Currently, racing jurisdictions are reacting in different ways, according to the panelists. In the United States, many racetracks are aggressively seeking a foothold in the estimated $110 billion foreign market for horse racing, in part to address flagging handle figures at home, where betting has stagnated at $15 billion. This year, for example, 20 countries allowed their bettors to wager into commingled pools on the Breeders' Cup, with much of the handle coming from Europe.
But those countries have problems of their own. In the United Kingdom, according to Nigel Roddis, international director for a company that buys foreign simulcast signals for the British betting market, horse racing's share of the domestic betting market has been declining for a decade as bookmakers and betting exchanges increasingly diversify their betting products. The new products, including electronic casino games, typically have higher profit margins than horse racing signals, and as a result, the companies are pushing their customers to the more profitable games at the expense of racing, which typically charges its customers approximately 20 percent of each bet.
In addition, betting exchanges like the highly popular BetFair have created innovative new ways for gamblers to wager on horse racing, Roddis said, at a much lower return to the racing industry than if the betting was concentrated through more conventional businesses. As a result, horse racing jurisdictions around the world have seen their revenues decline even when betting grows through the alternative source.
Still, Roddis said, betting companies have no option but to embrace foreign simulcasting, because without offering new products, horse racing customers will be increasingly drawn to new games that offer cheap, constant action. The hope, Roddis said, is that by adjusting to the new preferences of bettors and the growth in overall gambling, horse racing will ultimately be able to maintain or even increase its revenues by drawing new customers from the ranks of the people who have only just begun to gamble on other games.
But that contention still leads to questions about what the incentives are for countries to offer foreign simulcasts to their bettors if the expansion will only exacerbate domestic problems. The situation is perhaps best illustrated in Japan, where betting handle has been in a freefall for a decade, declining from approximately $17 billion in 1997 to $12 billion in 2006. Japan prohibits betting on foreign simulcasts, principally to protect its own horse racing industry, and what incentive does the country have to siphon off betting revenues to another country when the domestic business is in such trouble? So far, Japanese racing officials have given no indication that the country will be opening up anytime soon.
Hong Kong has similar restrictions in place, but the country is gradually attempting to loosen those prohibitions in an effort to embrace international simulcasting. Betting in the country is run by a state-owned enterprise, and foreign simulcasts are limited to 10 races a year. But the Hong Kong Jockey Club is lobbying the government to increase those numbers in the belief that globalization will increasingly demand the opening of foreign markets, according to Bobby Chang, the HKJC's head of betting services and systems.

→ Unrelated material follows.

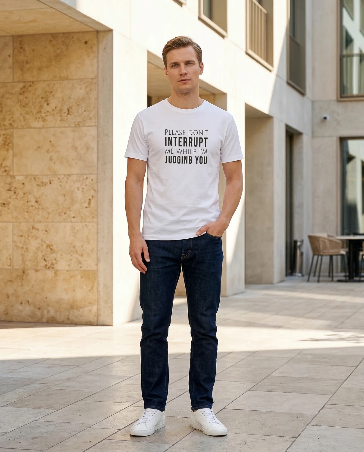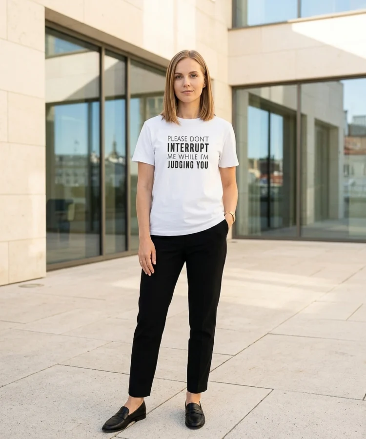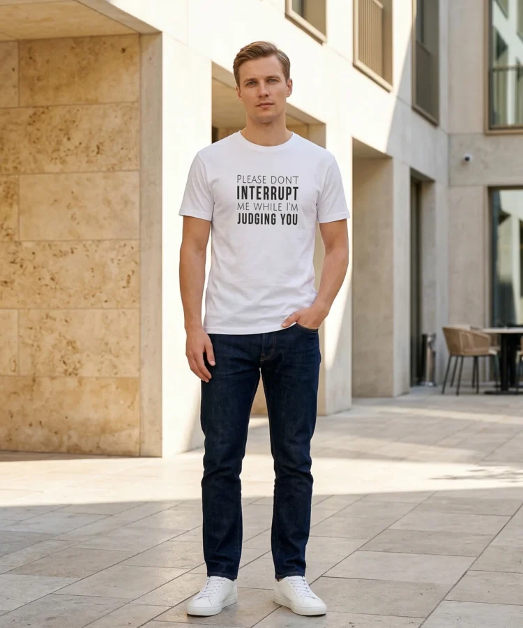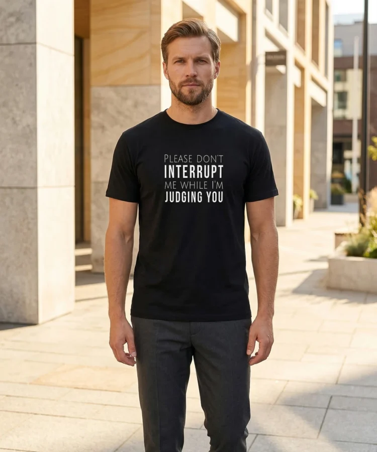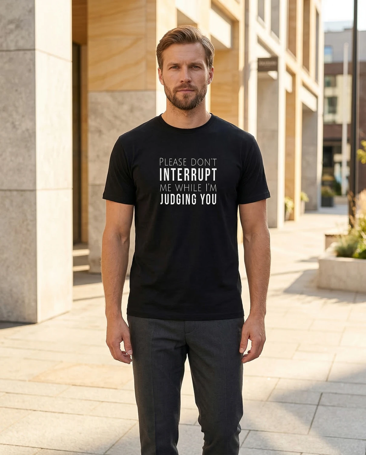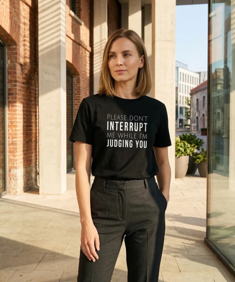 Rõhk on sõnadel INTERRUPT ja JUDGING YOU — see pinge nende vahel teeb kogu töö. Kanna seda ja jälgi, kuidas inimesed oma näoilmet kontrollida püüavad. Sarkasmi ja otsekohesuse fännidele, kellel on sisemonoloog, mis väärib publikut.
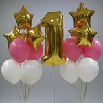 В набор входят розовые и белые латексные шары, дополненные золотыми звёздами и цифрой — эффектное сочетание для первого дня рождения, детского праздника или фотосессии. Создаёт праздничную атмосферу и станет отличным украшением вашего торжества!

Still, that effort is nowhere near as aggressive as the HKJC's attempts over the past decade to get its signal into other countries. Currently, 10 countries take bets on all or a portion of Hong Kong's 78 racing programs, including the United States, despite the almost complete lack of a reciprocal arrangement with Hong Kong. And that's because of the contradictory incentives inherent in the system: Countries have far more to gain by getting their signals out than allowing more signals in.